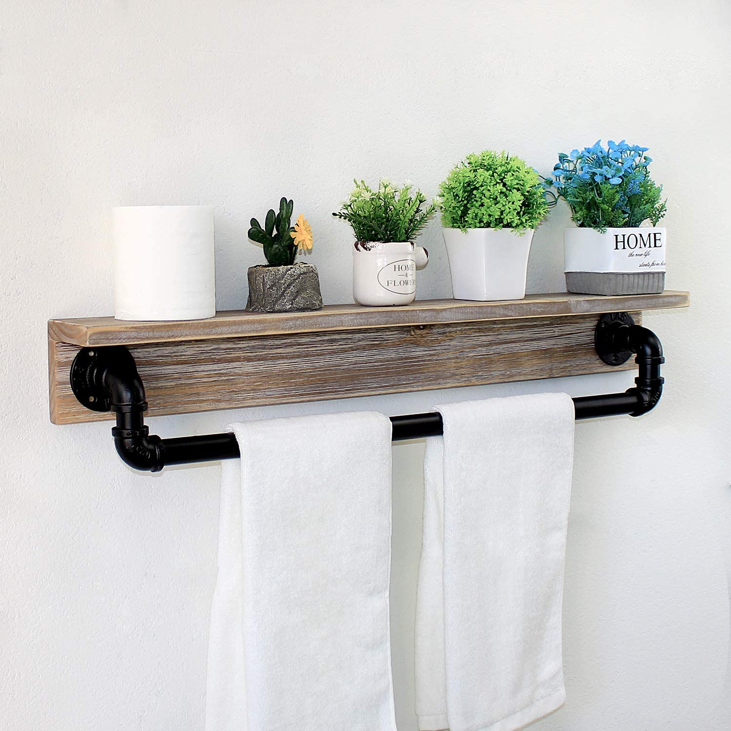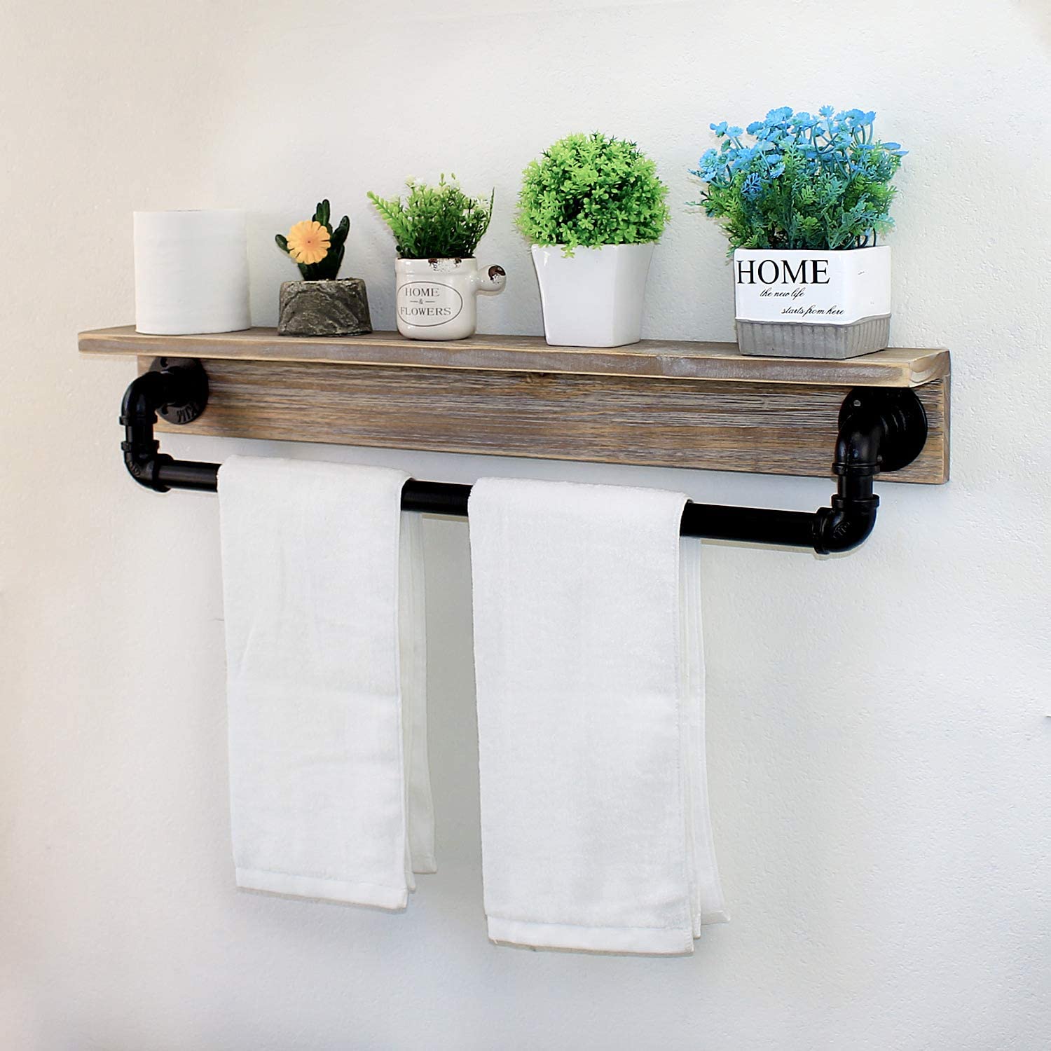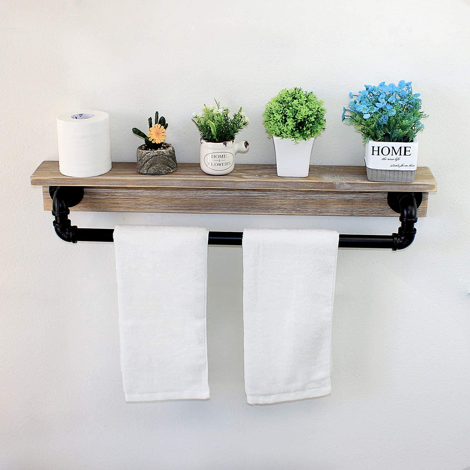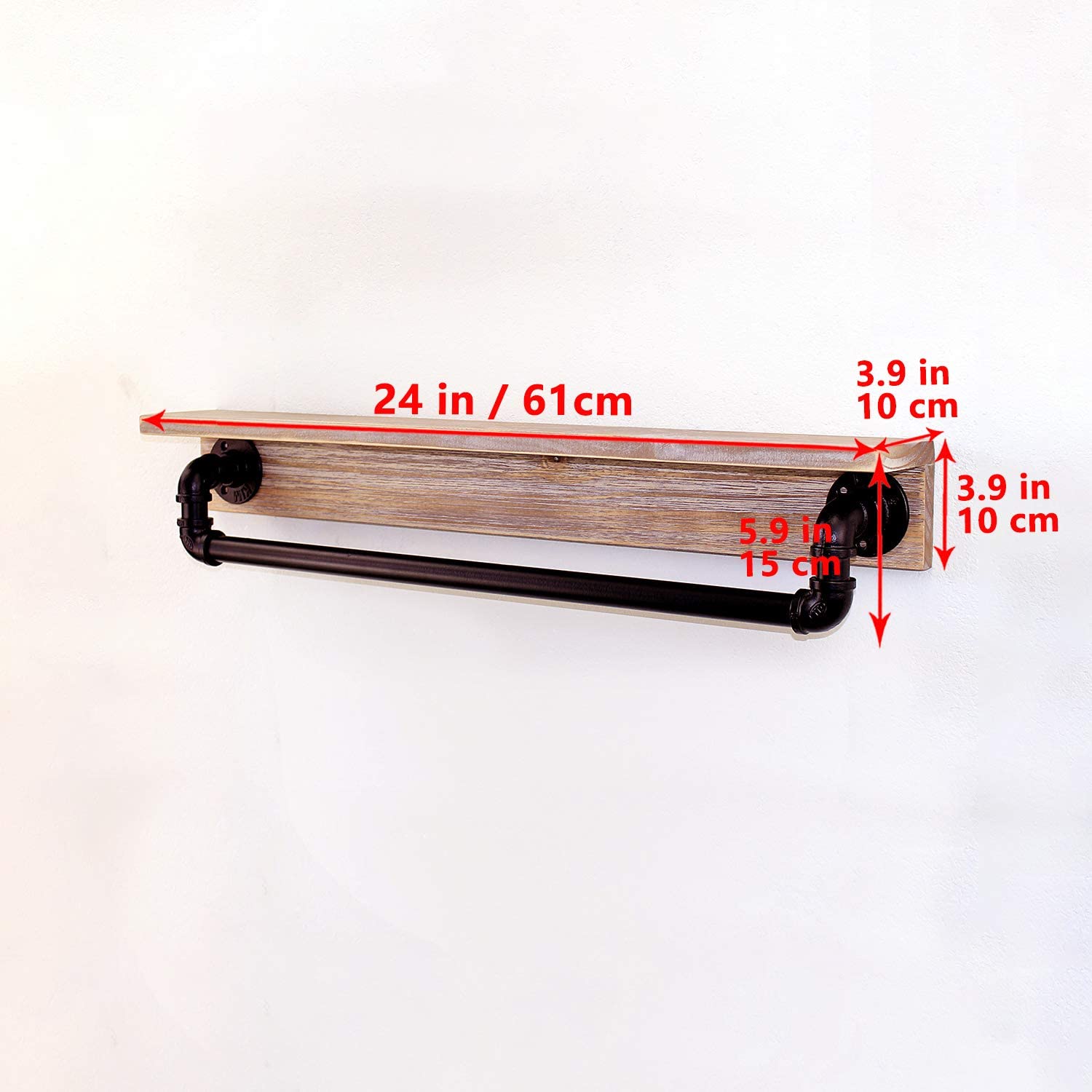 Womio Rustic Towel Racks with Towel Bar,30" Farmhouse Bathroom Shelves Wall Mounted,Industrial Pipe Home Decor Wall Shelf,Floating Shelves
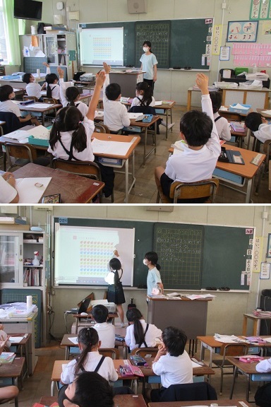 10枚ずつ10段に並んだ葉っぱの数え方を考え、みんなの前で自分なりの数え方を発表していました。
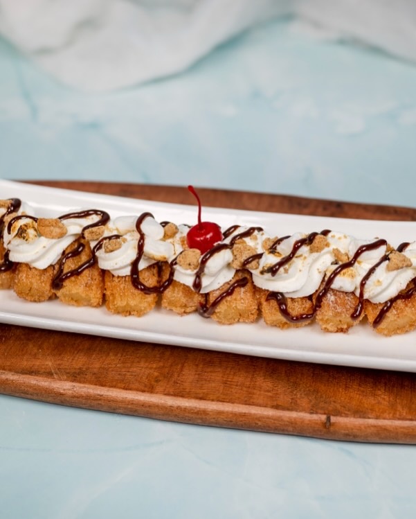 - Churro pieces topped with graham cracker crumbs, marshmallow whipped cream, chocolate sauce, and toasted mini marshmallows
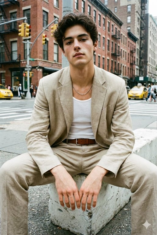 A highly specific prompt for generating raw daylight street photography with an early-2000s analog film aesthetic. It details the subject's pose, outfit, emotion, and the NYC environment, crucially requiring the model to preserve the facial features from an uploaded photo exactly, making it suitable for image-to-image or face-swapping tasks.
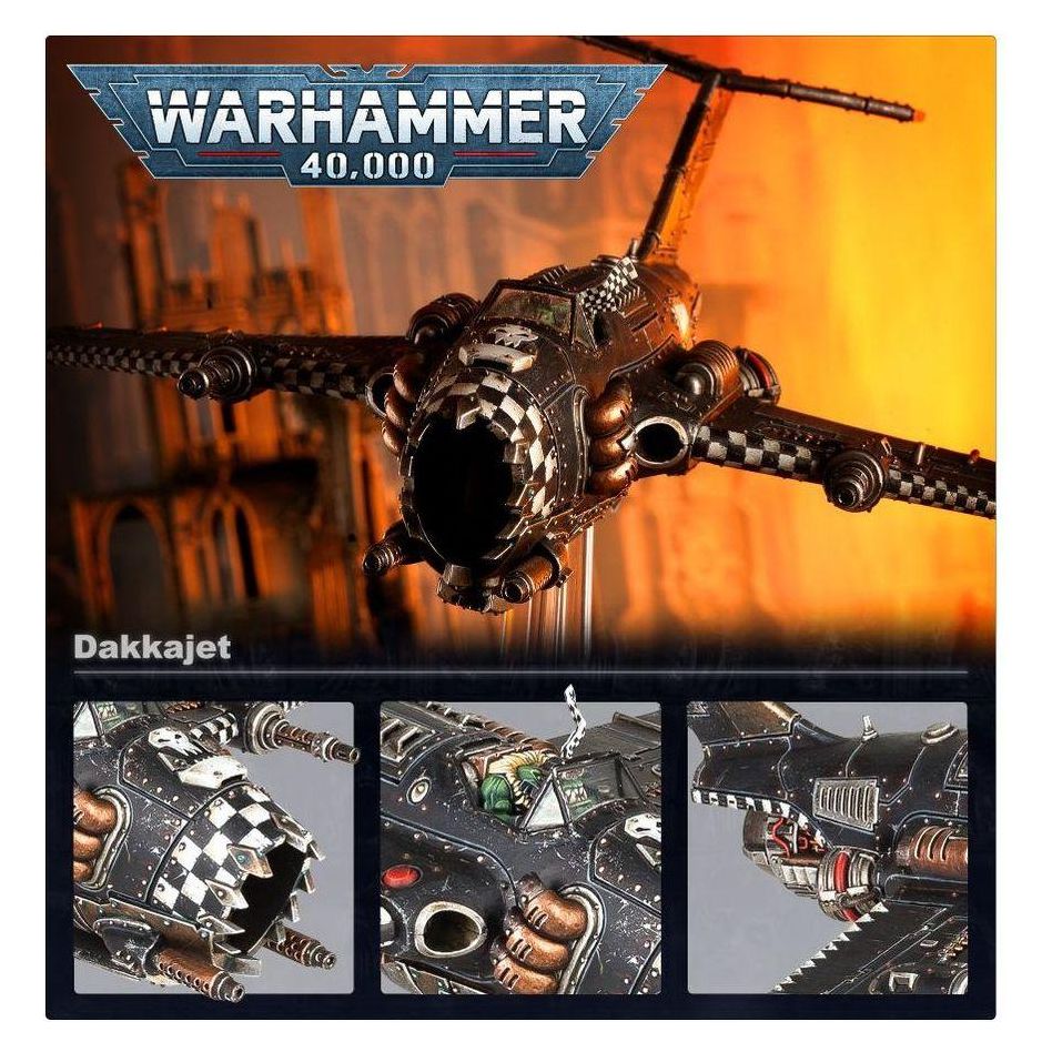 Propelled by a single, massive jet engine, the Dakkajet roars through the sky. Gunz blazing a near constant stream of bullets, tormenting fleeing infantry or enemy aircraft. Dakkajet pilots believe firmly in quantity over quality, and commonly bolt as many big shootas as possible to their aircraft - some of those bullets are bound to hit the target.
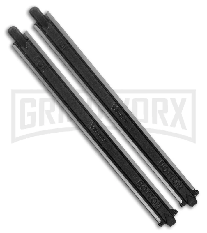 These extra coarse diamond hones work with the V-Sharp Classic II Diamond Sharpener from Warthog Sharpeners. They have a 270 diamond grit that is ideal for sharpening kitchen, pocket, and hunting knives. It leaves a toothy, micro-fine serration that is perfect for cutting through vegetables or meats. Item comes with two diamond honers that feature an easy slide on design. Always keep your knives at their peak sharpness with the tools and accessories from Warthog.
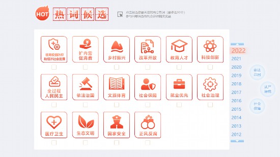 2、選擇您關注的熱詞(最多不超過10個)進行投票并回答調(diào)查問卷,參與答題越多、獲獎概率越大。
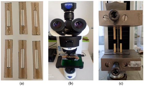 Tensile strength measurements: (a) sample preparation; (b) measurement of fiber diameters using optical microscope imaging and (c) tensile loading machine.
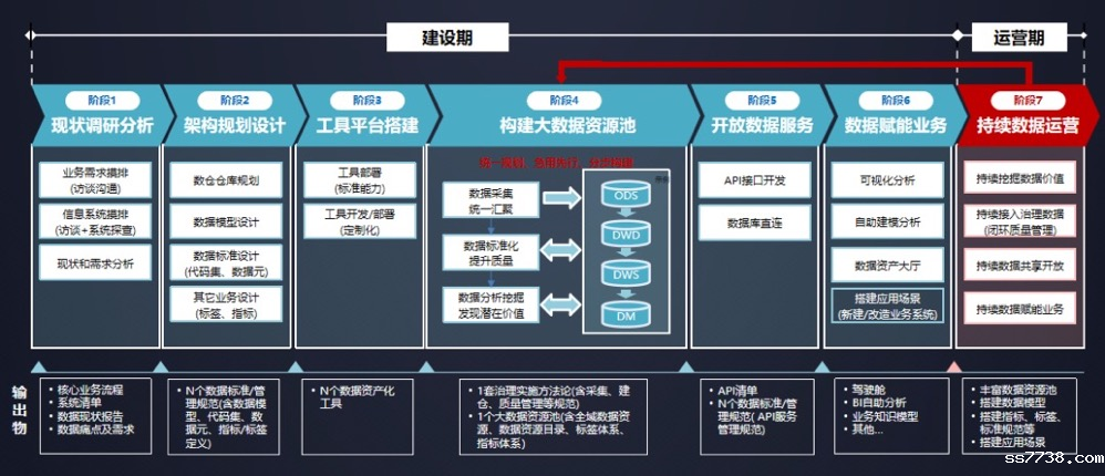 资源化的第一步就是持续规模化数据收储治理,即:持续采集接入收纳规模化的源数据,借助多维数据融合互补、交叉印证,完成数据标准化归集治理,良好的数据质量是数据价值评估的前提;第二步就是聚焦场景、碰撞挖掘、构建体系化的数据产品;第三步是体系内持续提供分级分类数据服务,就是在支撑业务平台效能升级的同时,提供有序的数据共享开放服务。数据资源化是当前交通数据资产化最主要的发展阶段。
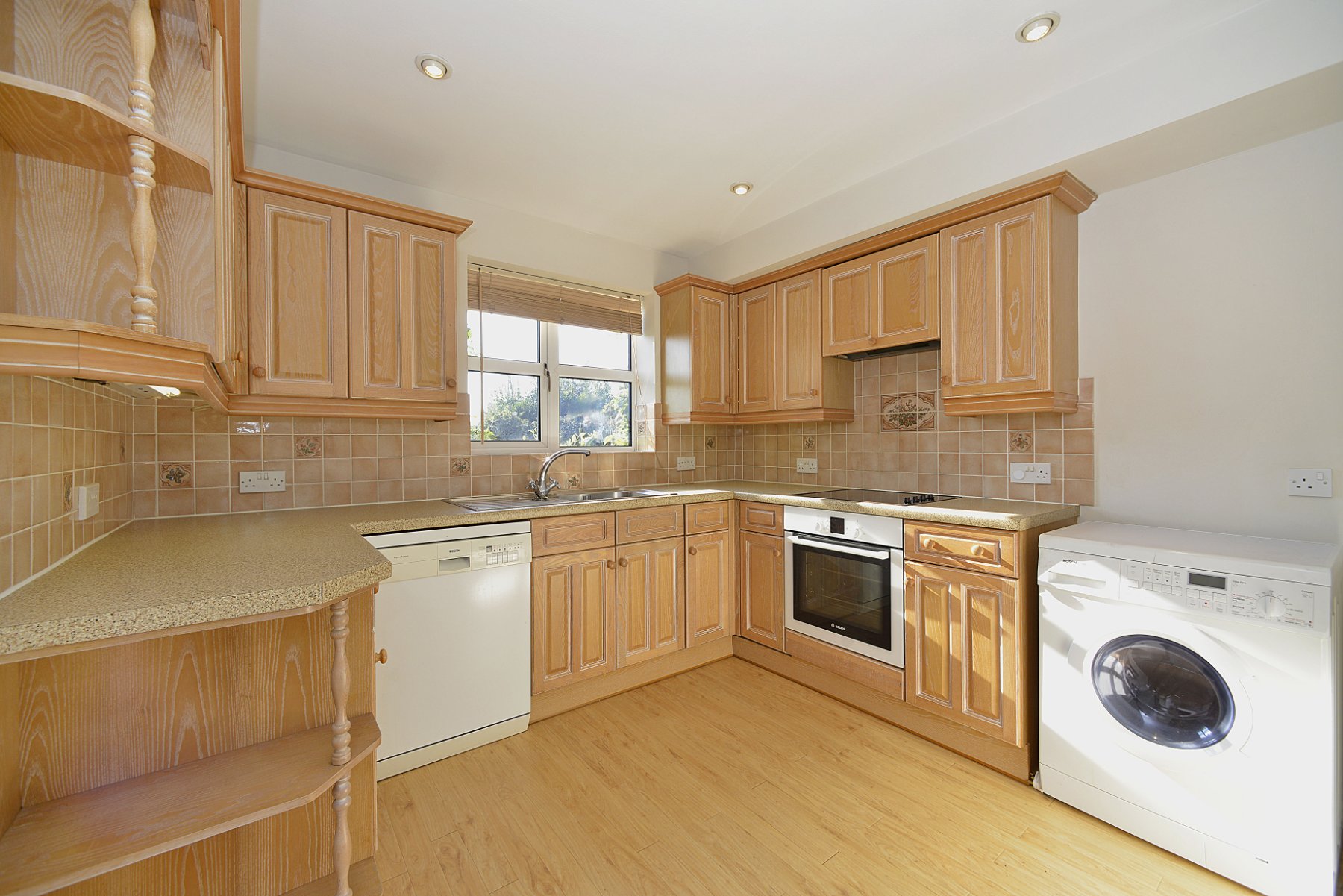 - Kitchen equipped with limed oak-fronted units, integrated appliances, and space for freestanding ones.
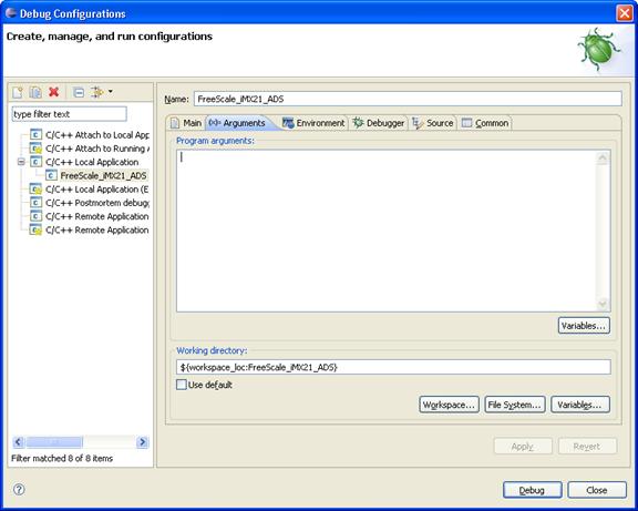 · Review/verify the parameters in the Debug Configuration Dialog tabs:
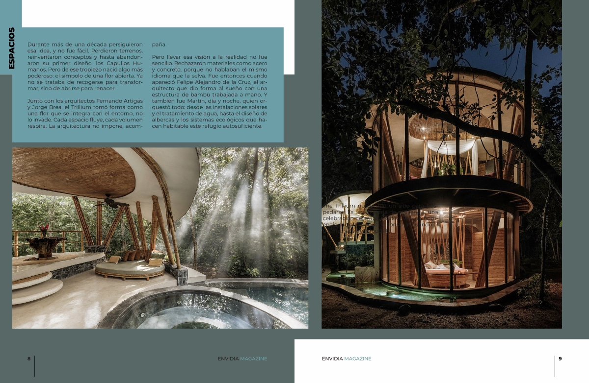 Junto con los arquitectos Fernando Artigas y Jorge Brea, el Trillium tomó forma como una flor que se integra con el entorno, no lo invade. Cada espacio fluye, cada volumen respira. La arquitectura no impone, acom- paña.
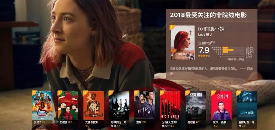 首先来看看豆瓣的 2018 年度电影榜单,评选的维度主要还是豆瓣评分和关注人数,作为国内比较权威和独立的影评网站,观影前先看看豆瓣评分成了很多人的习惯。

* [PROBLEM DESCRIPTION]: Could you copy every record above exactly, leaving out the pictures?

* [OUTPUT FOR THIS TASK]:
 Womio Rustic Towel Racks with Towel Bar,30" Farmhouse Bathroom Shelves Wall Mounted,Industrial Pipe Home Decor Wall Shelf,Floating Shelves
 10枚ずつ10段に並んだ葉っぱの数え方を考え、みんなの前で自分なりの数え方を発表していました。
 - Churro pieces topped with graham cracker crumbs, marshmallow whipped cream, chocolate sauce, and toasted mini marshmallows
 A highly specific prompt for generating raw daylight street photography with an early-2000s analog film aesthetic. It details the subject's pose, outfit, emotion, and the NYC environment, crucially requiring the model to preserve the facial features from an uploaded photo exactly, making it suitable for image-to-image or face-swapping tasks.
 Propelled by a single, massive jet engine, the Dakkajet roars through the sky. Gunz blazing a near constant stream of bullets, tormenting fleeing infantry or enemy aircraft. Dakkajet pilots believe firmly in quantity over quality, and commonly bolt as many big shootas as possible to their aircraft - some of those bullets are bound to hit the target.
 These extra coarse diamond hones work with the V-Sharp Classic II Diamond Sharpener from Warthog Sharpeners. They have a 270 diamond grit that is ideal for sharpening kitchen, pocket, and hunting knives. It leaves a toothy, micro-fine serration that is perfect for cutting through vegetables or meats. Item comes with two diamond honers that feature an easy slide on design. Always keep your knives at their peak sharpness with the tools and accessories from Warthog.
 2、選擇您關注的熱詞(最多不超過10個)進行投票并回答調(diào)查問卷,參與答題越多、獲獎概率越大。
 Tensile strength measurements: (a) sample preparation; (b) measurement of fiber diameters using optical microscope imaging and (c) tensile loading machine.
 资源化的第一步就是持续规模化数据收储治理,即:持续采集接入收纳规模化的源数据,借助多维数据融合互补、交叉印证,完成数据标准化归集治理,良好的数据质量是数据价值评估的前提;第二步就是聚焦场景、碰撞挖掘、构建体系化的数据产品;第三步是体系内持续提供分级分类数据服务,就是在支撑业务平台效能升级的同时,提供有序的数据共享开放服务。数据资源化是当前交通数据资产化最主要的发展阶段。
 - Kitchen equipped with limed oak-fronted units, integrated appliances, and space for freestanding ones.
 · Review/verify the parameters in the Debug Configuration Dialog tabs:
 Junto con los arquitectos Fernando Artigas y Jorge Brea, el Trillium tomó forma como una flor que se integra con el entorno, no lo invade. Cada espacio fluye, cada volumen respira. La arquitectura no impone, acom- paña.
 首先来看看豆瓣的 2018 年度电影榜单,评选的维度主要还是豆瓣评分和关注人数,作为国内比较权威和独立的影评网站,观影前先看看豆瓣评分成了很多人的习惯。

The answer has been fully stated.